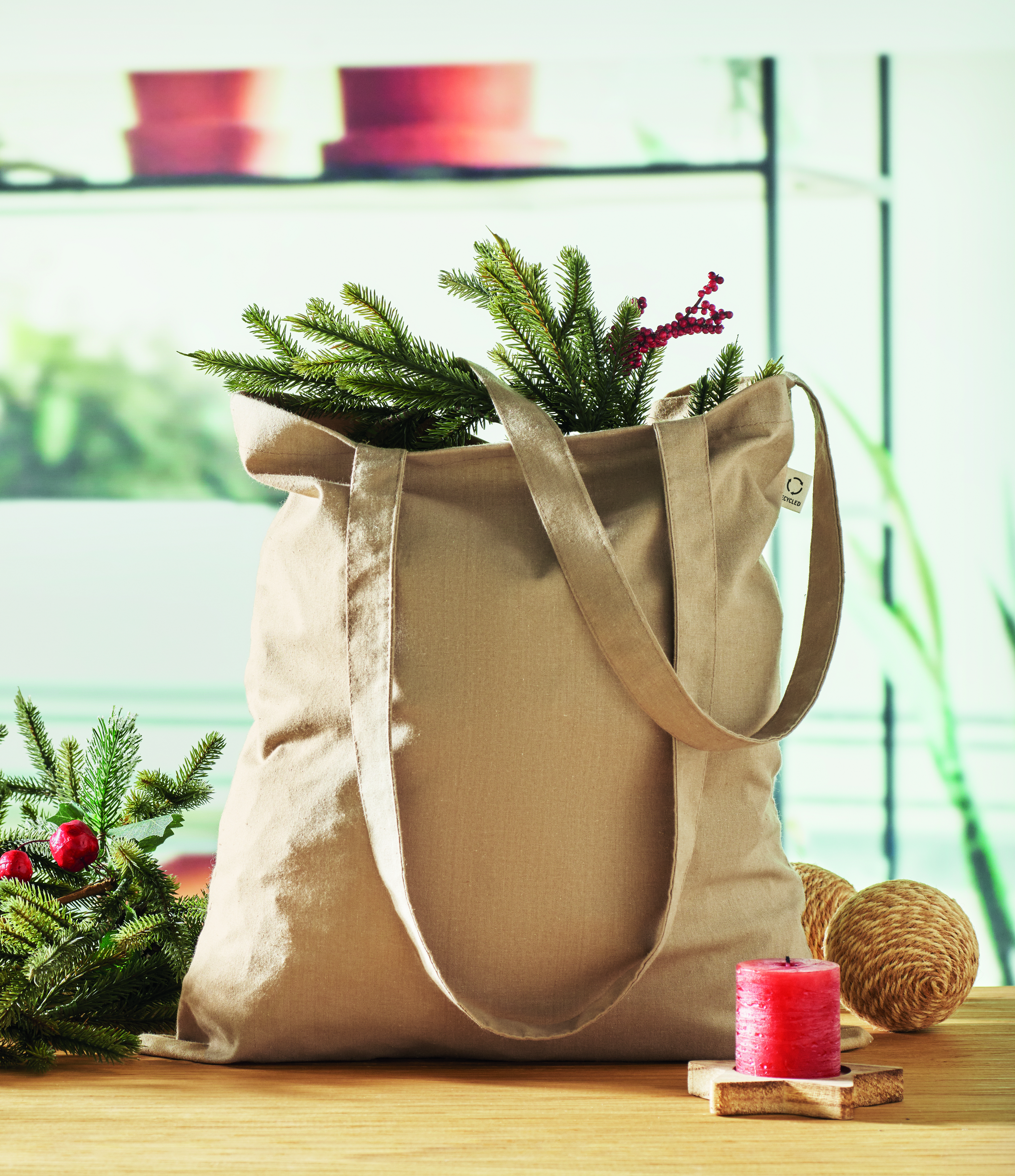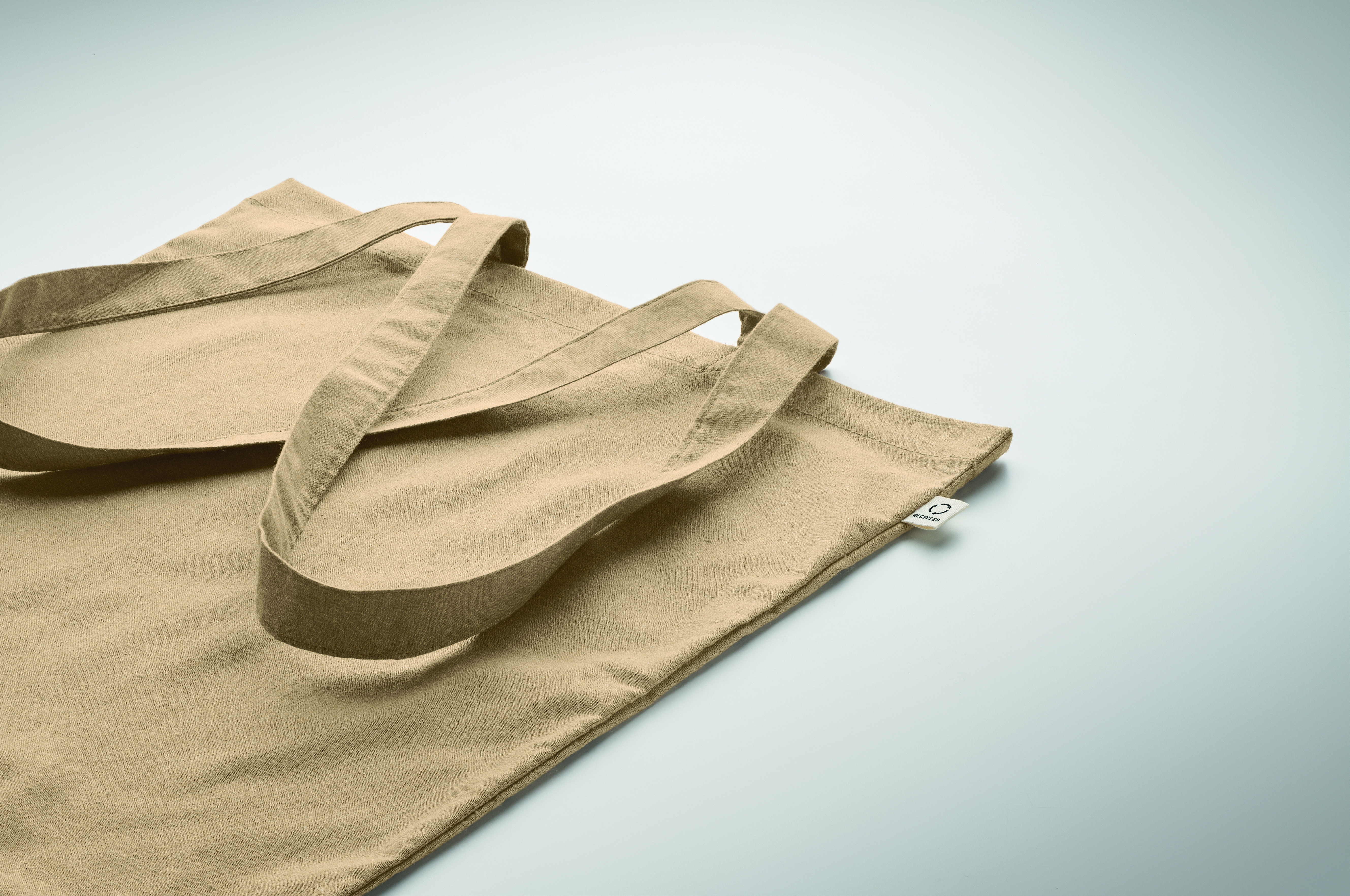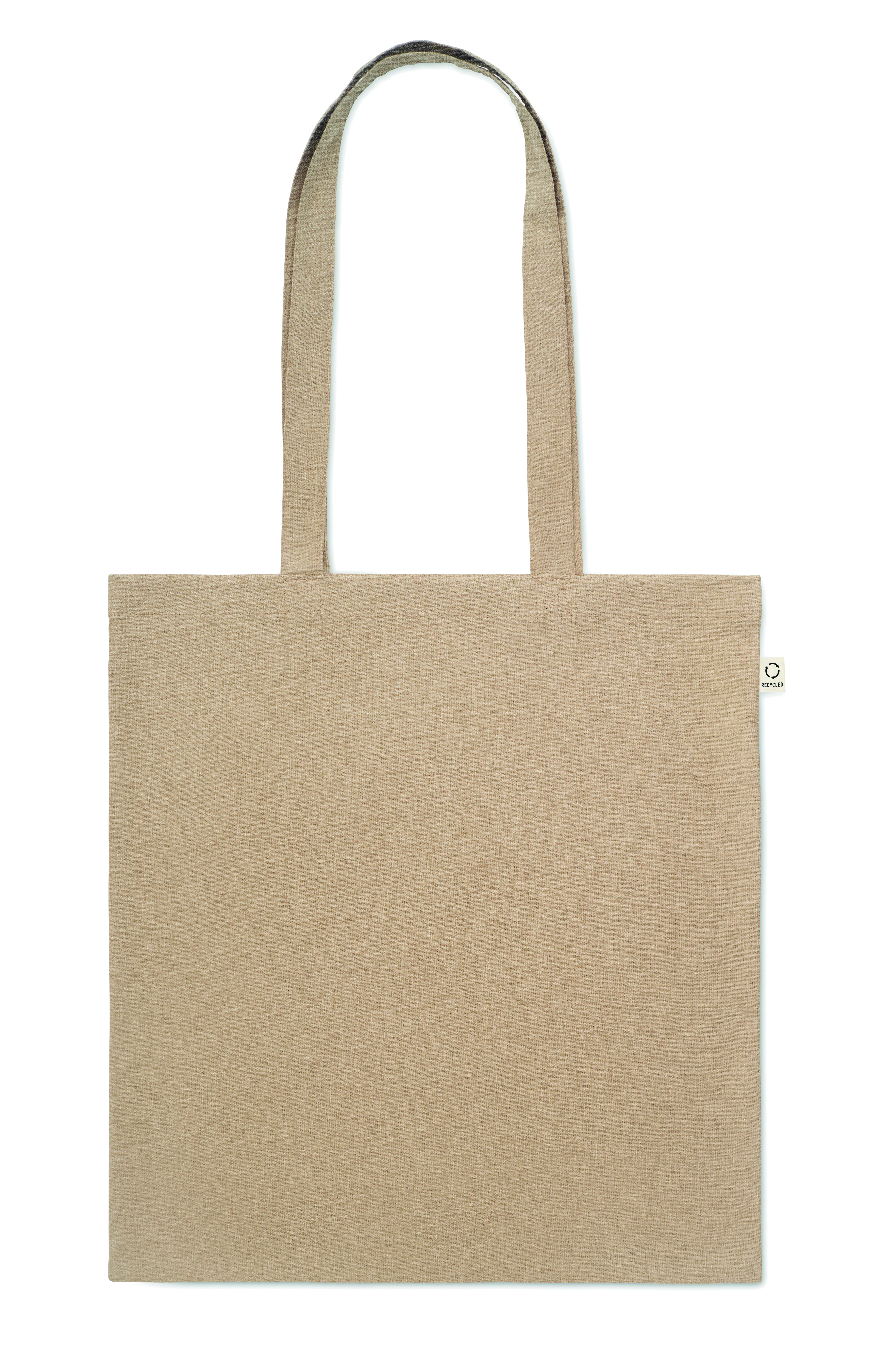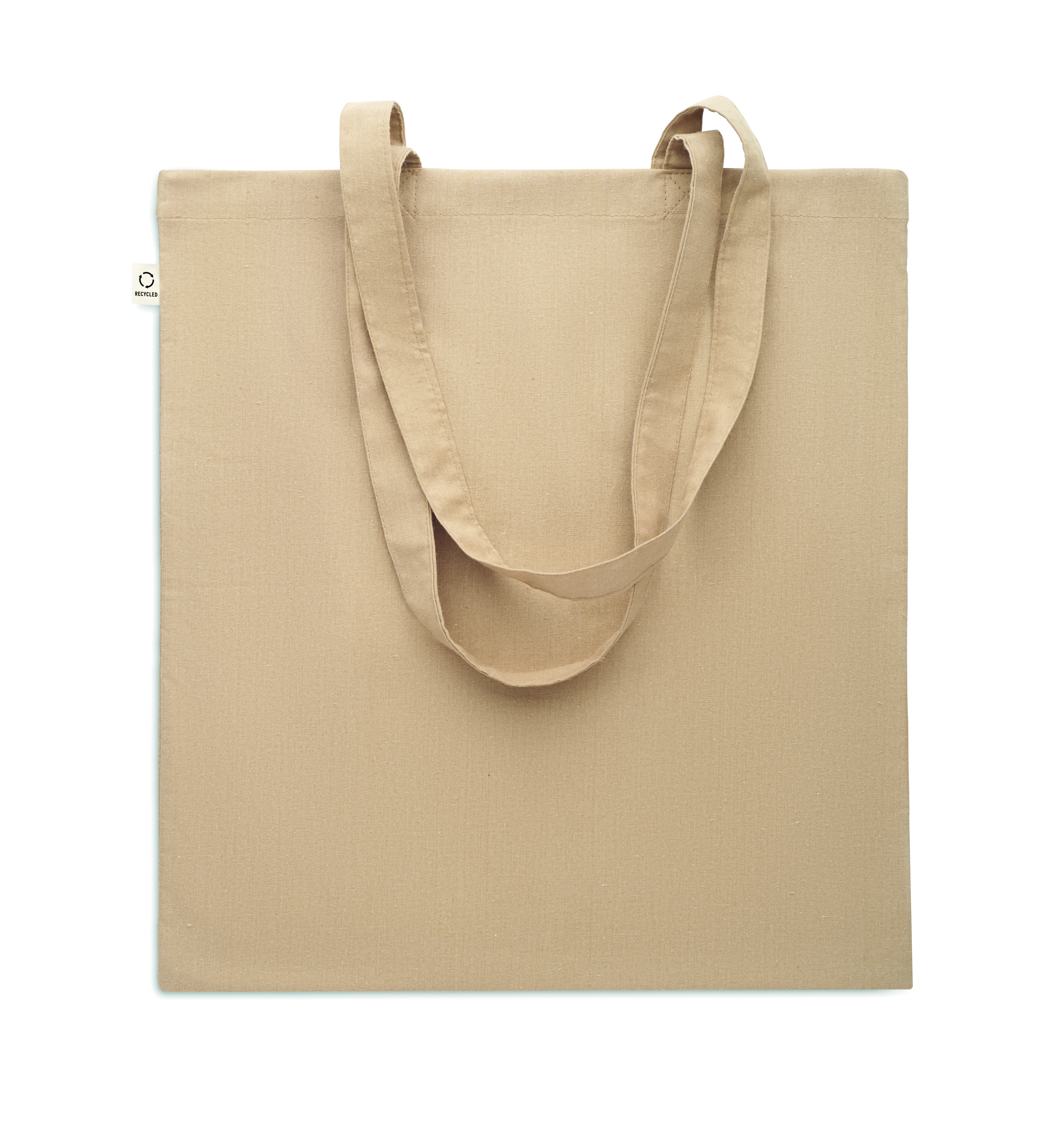 Einkaufstasche aus recycelter Post-Consumer-Baumwolle (70 % recycelte Baumwolle und 30 % RPET) mit langen Tragegriffen. 140 g / m². Artikel kann nach dem Bedrucken schrumpfen.
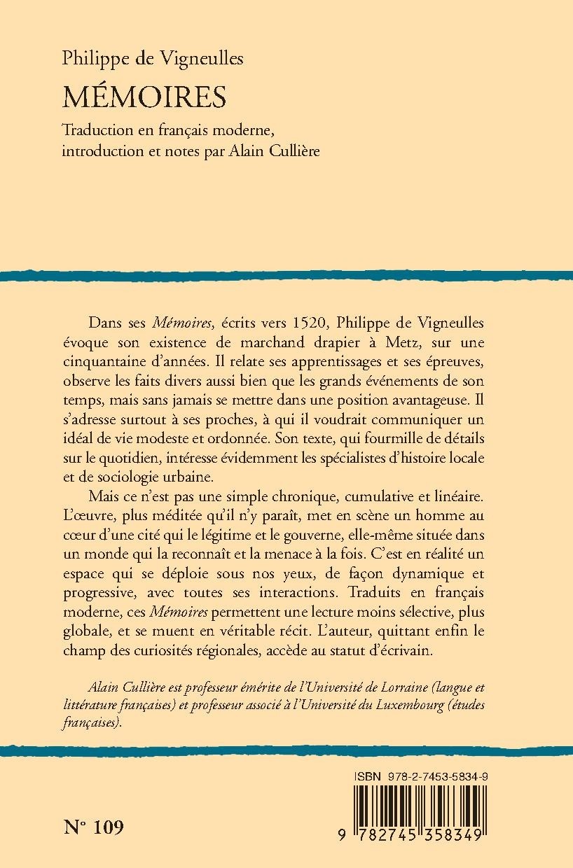 Dans ses Mémoires, écrits vers 1520, Philippe de Vigneulles évoque son existence de marchand drapier à Metz, sur une cinquantaine d’années. Il relate ses apprentissages et ses épreuves, observe les faits divers aussi bien que les grands événements de son temps, mais sans jamais se mettre dans une position avantageuse. Il s’adresse surtout à ses proches, à qui il voudrait communiquer un idéal de vie modeste et ordonnée. Son texte, qui fourmille de détails sur le quotidien, intéresse évidemment les spécialistes d’histoire locale et de sociologie urbaine.
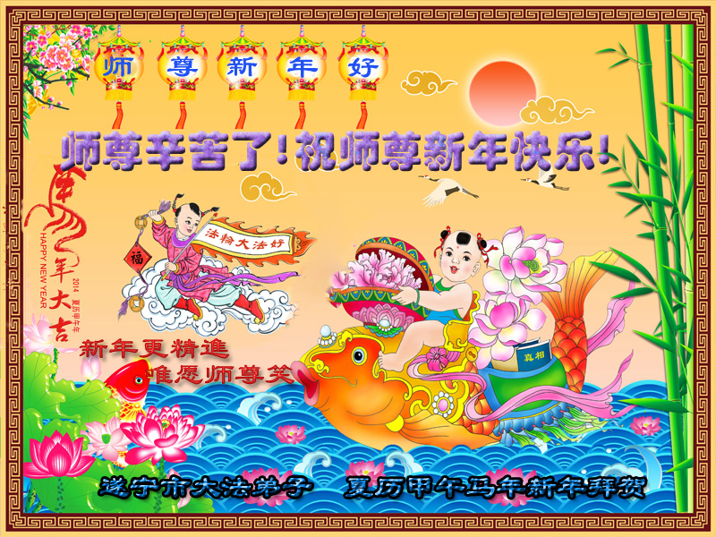 师父好!师父新年快乐!新的一年,弟子们要再接再厉,尽最大努力修好自己,救度众生!再祝师父新年好! 山东省烟台市芝罘区大法弟子敬上 合十 2014年1月25日 辽宁营口鲅鱼圈一学法小组给伟大慈悲的师父拜年!

* * *

### Aim of the task
A word-for-word reprint of the listing above is needed, minus the pictures.

### Your solution
 Einkaufstasche aus recycelter Post-Consumer-Baumwolle (70 % recycelte Baumwolle und 30 % RPET) mit langen Tragegriffen. 140 g / m². Artikel kann nach dem Bedrucken schrumpfen.
 Dans ses Mémoires, écrits vers 1520, Philippe de Vigneulles évoque son existence de marchand drapier à Metz, sur une cinquantaine d’années. Il relate ses apprentissages et ses épreuves, observe les faits divers aussi bien que les grands événements de son temps, mais sans jamais se mettre dans une position avantageuse. Il s’adresse surtout à ses proches, à qui il voudrait communiquer un idéal de vie modeste et ordonnée. Son texte, qui fourmille de détails sur le quotidien, intéresse évidemment les spécialistes d’histoire locale et de sociologie urbaine.
 师父好!师父新年快乐!新的一年,弟子们要再接再厉,尽最大努力修好自己,救度众生!再祝师父新年好! 山东省烟台市芝罘区大法弟子敬上 合十 2014年1月25日 辽宁营口鲅鱼圈一学法小组给伟大慈悲的师父拜年!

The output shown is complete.